Not only does the character of technology and the direction of its development depend upon the social relation of production; it is even more obvious that the social consequences of technological invention can never be deduced from technological considerations alone. Otherwise how account for the fact that mechanical inventions, far from lightening the toil of the masses, freeing them from age-long burdens of drudgery, and opening opportunities for creative leisure, have instead intensified labour and reduced the worker ‘to an appendage of the machine’. The only promise of leisure the progressive mechanisation of industry holds out to the modern wage-worker today is the enforced leisure to starve.
One of the most interesting claims made for the technological interpretation is that it accounts for the final elimination of chattel slavery from Western Europe in the twelfth century. The reputed causal change in technique was a simple one. Until that time, cattle had been yoked by the neck (traction par la gorge) which winded them easily and made possible an average load of only half a ton even for relatively short distances. Production was necessarily limited, hardly more than enough to feed the families of both master and slave. Someone discovered, however, that yoking cattle by the shoulders (collier d’épaules) increased their pulling strength many times over and did not exhaust them so easily. As a result, productivity increased and man was able to provide his master with sufficient supplies in approximately half the working time that had been previously consumed. He now cultivated the rest of his patch in the remaining time and enjoyed a higher standard of living as a serf than had been possible to him as a slave.
The difficulties with this specific application of the technological theory are typical of all others. First of all feudalism was a full-grown system of production long before the twelfth century. Secondly, there is no assurance that yoking cattle by the shoulders was unknown in slave-holding antiquity and in parts of Asia. Thirdly, and most important, it is hard to see how the whole system of land tenure, with its specific codes of mutual obligations and services, could be derived from the shift from one method of yoking to another. Finally, it is not clear why the enhanced productivity of labour could not have been retained within a slave economy; for there was always the possibility of using slave labour on huge public works as had been done in Egypt and Greece, and of equipping armies for the purpose of conquest and pillage. The decline of slavery must be sought elsewhere than in the gradual improvement of productive technique.
For further evidence that technique of itself does not determine the mode of economic production, one need but point to the use of large-scale machinery in such different economies as prevail today in the USA and the USSR.
A technological interpretation of history which separated technique from antecedent social need in search for a measurable first cause of social change, would have to surrender its materialistic starting point just as soon as the simplified logic of that procedure were pressed against it. For no technical change is made without a leading idea in the mind of the technician or inventor. Even if it be true that no great invention has ever been the sole creation of one mind, nevertheless the machine is projected in thought before it is embodied in stone and steel. The cause then would be some bright idea or happy thought in the mind of one or more persons, and we would be back to a thoroughgoing idealistic philosophy of civilisation.
II: Economic Conditions and Economic Self-Interest: Perhaps the most unjustified of all misinterpretations to which Marx’s doctrine of historical materialism has been subjected is its reduction to a theory of personal motives. According to this conception Marx believed that all human beings are activated by a desire to further their own personal self-interest, and that this self-interest is inevitably expressed in a desire for economic gain. The materialistic interpretation then means that all behaviour is guided by material consideration, that every act has a cash value and every man has his price. Ideal motives – aesthetic, religious, moral – are just rationalisations of economic drives.

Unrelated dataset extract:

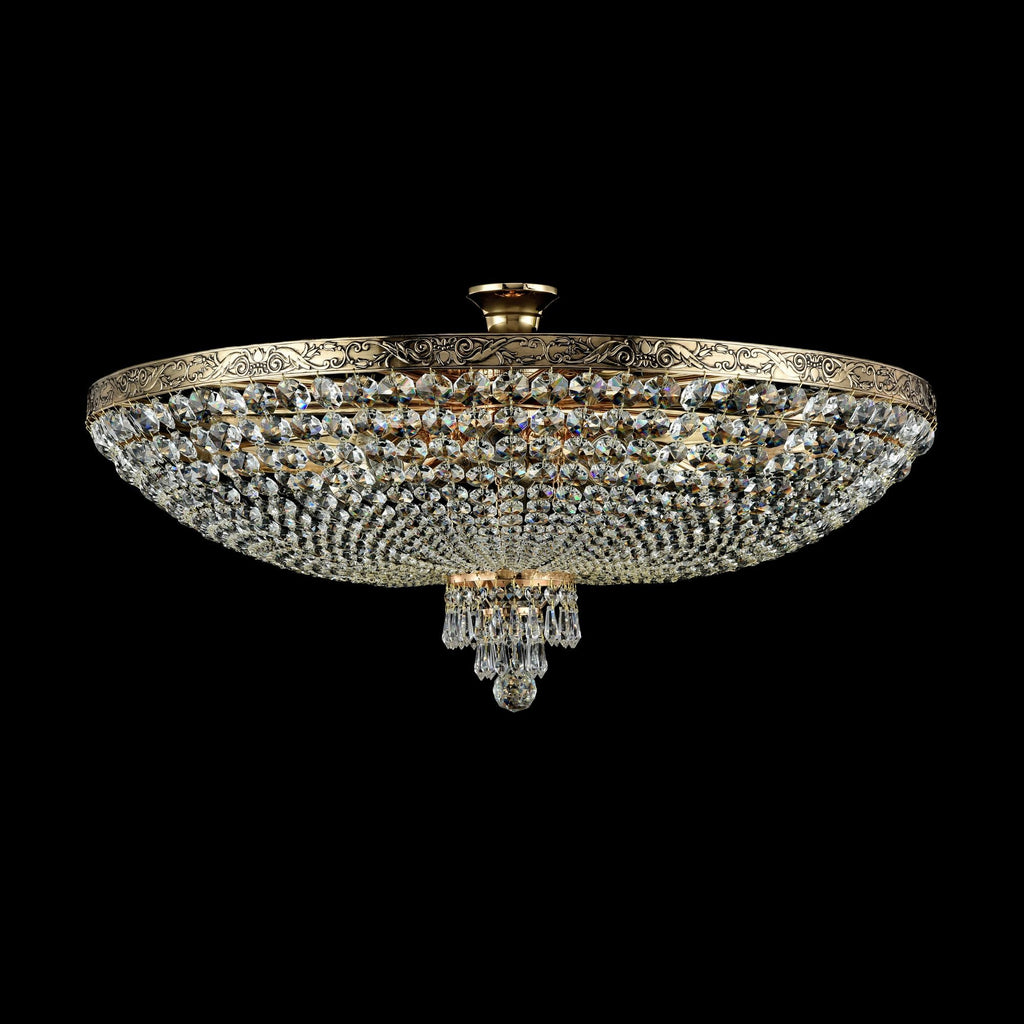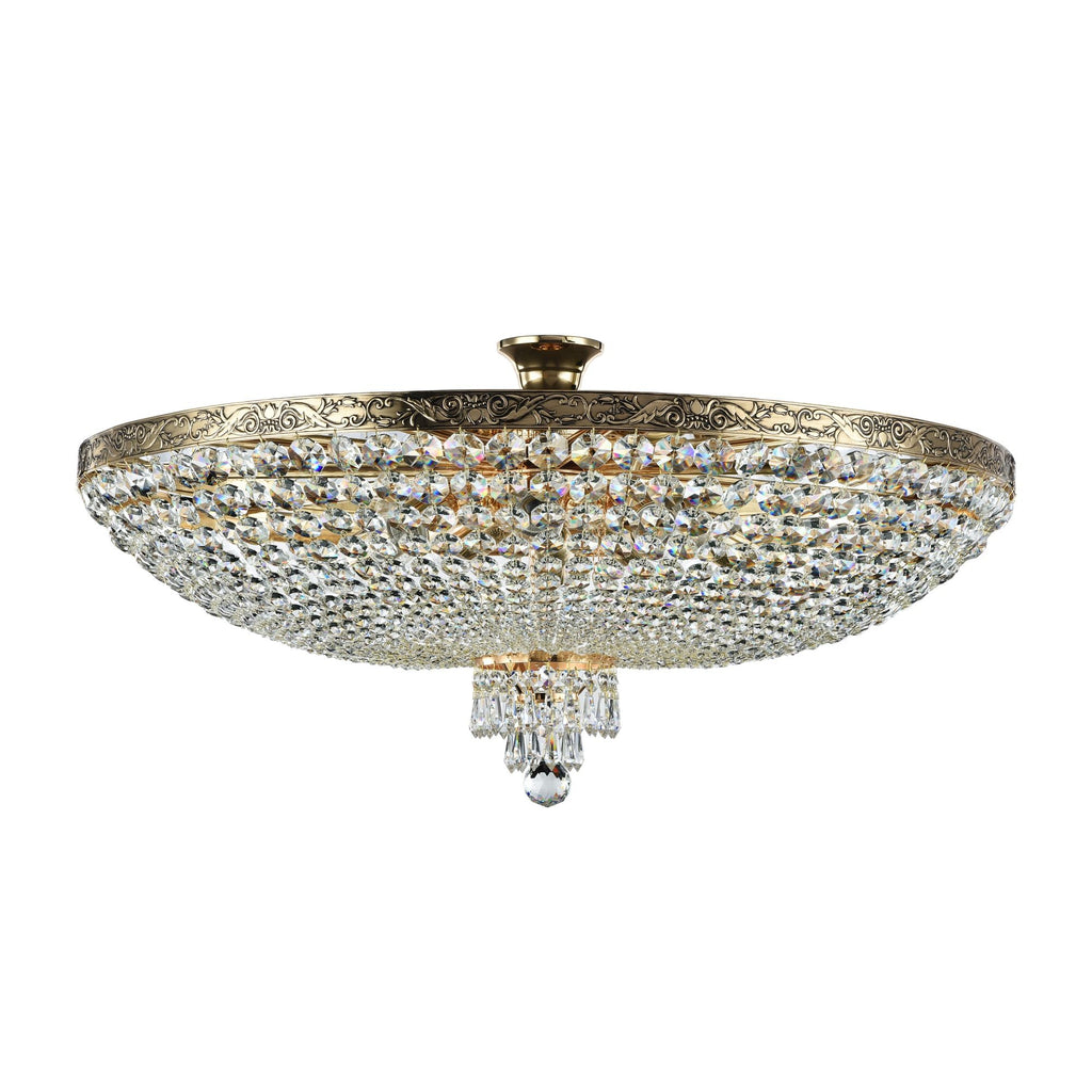 Structure en métal, finition laiton. Cristaux de différentes tailles et formes.

The amazing thing about this interpretation is that it cannot support itself by a single text from any chapter of Marx or from the open book of his own life. Yet it is found in high academic places. It arises in part from an ambiguity in the term ‘materialistic’ and from the resultant confusion between ethical materialism and historical materialism. Ethical materialism is egoism; it assumes that the object of every desire is the attainment of pleasure or the avoidance of pain; and that the life of reason is an organisation of natural impulses to secure for oneself the maximum amount of pleasure over pain. Historical materialism, however, is a theory which tries to explain when, where and why egoistic and non-egoistic motives arise. Marx was the first one to denounce the cheap cynicism which denies the sincerity of ideal behaviour whether it be sacrifice for one’s cause, religious piety, patriotic fervour or disinterested attachment to truth and beauty – a cynicism which cloaks itself in the sophisticated doctrine that all the large interests which sway individuals are constructed out of petty interests. Only a petty person generalising from his own case could project such a theory. Already as a young man Marx had maintained that, even if it were true that the object of every desire fulfilled some interest of the self, it by no means followed that the interest was a selfish, no less a pecuniary one:
It is known that a certain psychology explains greatness out of a multitude of small causes in the correct intuition that everything for which man struggles is a matter [Bache] of his interest. But from that it goes on to the mistaken notion that there are only ‘small’ interests, interests only of stereotyped selfishness. It is also well known that this kind of psychology and human science [Menschenkunde] flourishes particularly in cities where, in addition, it is regarded as a sign of subtle intellect to see through the show of the world, and to glimpse behind the cloud of ideas and facts completely petty, envious, intriguing manikins stringing the whole of things on their little threads. But it is well known that when one peers too closely into a mirror one bangs against one’s own head. The knowledge of the world and the knowledge of men of these clever people is primarily a mystifying bang into their own heads. [3]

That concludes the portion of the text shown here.